Wednesday, February 29, 2012

ISO and gain in digital cameras


At the time the film had an unshakable truth. The higher the silver grains were placed in the film, the greater its sensitivity to light and would lower its image quality. The reverse was true, the smaller the grains, the lower the sensitivity to light, but higher image quality.

It is easy to understand, a small silver grain graphite is like a fine to the designer. Lets you draw details, since a thick graphite or heavy grain of silver does not allow this detail. However, it is easy to understand that a larger grain is better able to retain a view of the smaller grain, hence increasing the sensitivity.

As you can see the thing was simple, large grain, grainy and easily with low-light situations were the films of ISO 800, 1600 and 3200. Fine-grained, detailed image without grains but low sensitivity were the films ISO 50, 100, 200.

There were tricks that allowed laboratory using an ISO 400 film and reveal, so it worked more or less like a movie ISO 800 or more was pulled from the film. Nowadays, few people even know what it was, but believe there was and was easy to do. A higher concentration of a chemical, or leave the chemist more time acting on the film has already solved this kind of situation.

At that time, a camera, a camcorder as a Super8, a movie camera Super35mm, all worked the same way as movies and these films had ISO (then called ASA but the values ​​were the same)

Today you can push a button, get in there and change a menu setting to ISO 100 to 6400 from one photo to another smoothly with the film you had to make a movie and put another, not now, press a button.

But how can you change the light sensitivity to the pixels inside the camera are the same? If they remain the same size in the same place and receive no different chemical treatments, how is it possible?

In fact, the ISO is a digital fixed and neither should be called ISO. It has a particular ability to absorb light, which is converted into an electrical signal which is converted into a digital signal. We have a file with the image at the end of the line, but we're not talking about ISO, the silver grains or anything . This whole process is done so that the end result resembles in light of what existed in the film, hence the analogy with the ISO.

The use of the term to call the ISO sensitivity of cameras was an error of camera manufacturers. This was done to make life easier for photographers as they were accustomed to films, but it is a mistake.

In the video world, there in the '80s, popularized when the VHS and Betamax. The video cameras were not ISO. Digital video turned, left the film, tapes are digital media . It realized that there was no parallel between film and digital in a digital environment was the electrical signal and the gain.

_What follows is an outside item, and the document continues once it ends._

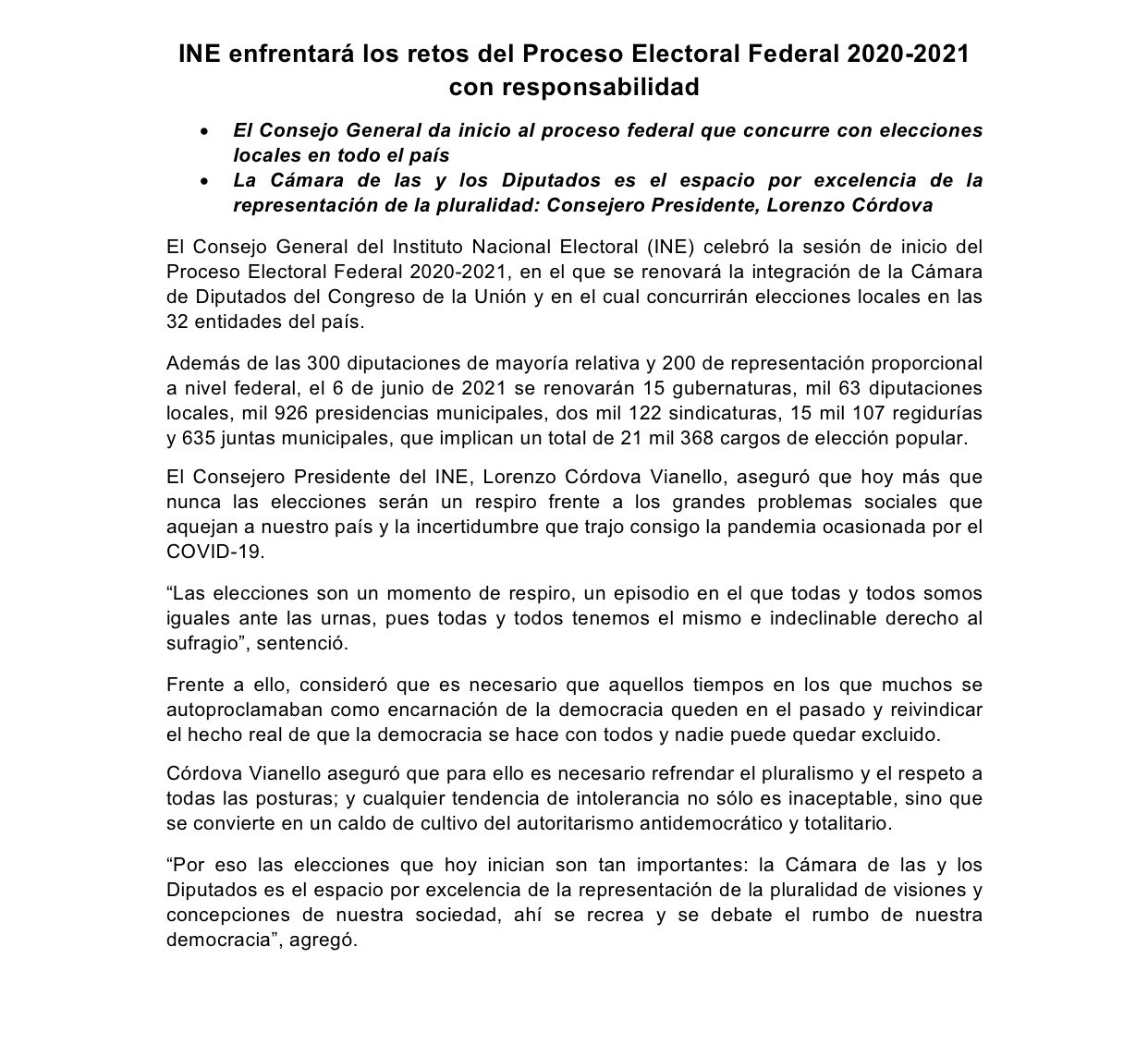 El Consejo General del Instituto Nacional Electoral (INE) celebró la sesión de inicio del Proceso Electoral Federal 2020-2021, en el que se renovará la integración de la Cámara de Diputados del Congreso de la Unión y en el cual concurrirán elecciones locales en las 32 entidades del país.

The video cameras for increasing the sensitivity has a gain command invoked. The gain is applied in decibel (dB) in case +6 dB is equivalent to an increase in ISO point, +12 dB are two points and so on. There are intermediate values, and +3 dB increase is equivalent to half a point of exposure.

This makes sense because the gain is applied in the same way that the increase in volume in a radio: a signal amplifier. And what was placed in video cameras is a amplifier signal. It stopped using the term and began using ISO gain.